XMLHttpRequest and character encoding
The XMLHttpRequest transport method retrieves content over http, just like a regular http request from a web browser does.
There are two result variants:
The responseXml field holds a parsed DOM tree if the retrieved source was well formed XML
The responseText field holds the raw source, a Javascript string basically.
With current Firefox versions (1.5.x) this responseText string is always forced into UTF-8, regardless of the charset encoding sent by the originating web server. Thus valid ISO-8859-1 characters end up as illegible garbage in resulting Javascript string.
This can be a problem for instance with Greasemonkey scripts targeted at a server, which uses something other than UTF-8 as encoding format.
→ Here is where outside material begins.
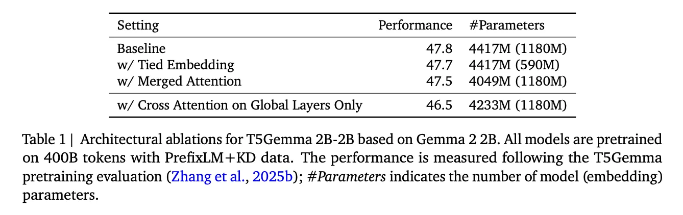 Second, it introduces merged consideration within the decoder. As a substitute of separate self-attention and cross-attention sublayers, the decoder performs a single consideration operation the place Ok and V are shaped by concatenating encoder outputs and decoder states, and masking preserves causal visibility for decoder tokens. This ties to simpler initialization, as a result of it narrows variations between the tailored decoder and the unique Gemma fashion decoder stack, and it experiences parameter financial savings with a small common high quality drop of their ablations.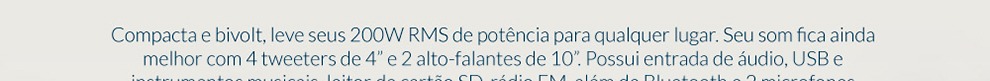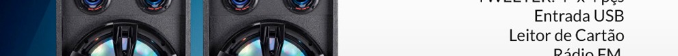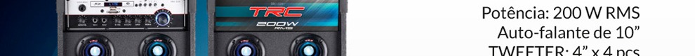 Fabricadas com 200 watts, a caixa de som TRC possui alto-falante de 10 polegadas que garante uma sonoridade limpa, entrada USB e leitor de cartão para dar opção de ouvir diversas playlists e iluminação frontal em LED com botão liga e desliga.

Now there is a solution, along the lines of this Bugzilla entry: Bug 337434 – XMLHttpRequest mangles binary data – that is: use method overrideMimeType on the XMLHttpRequest object before making the originating call.
Code example:
// XHR implementation
// overrideMimeType is available to Moz' native XHR
function requestPage(src, func) {
var xhr = new window.XMLHttpRequest();
xhr.onreadystatechange = function() { func(xhr); };
xhr.open("GET", src);
// this fixes the content type glitch...
xhr.overrideMimeType("text/html; charset=ISO-8859-1");
xhr.send(null);
}
This solves the problem for regular XMLHttpRequest calls, without the benefits of cross domain permissions of the GM_xmlhttpRequest method of course. It would be nice if this method could be exposed in Greasemonkey as well!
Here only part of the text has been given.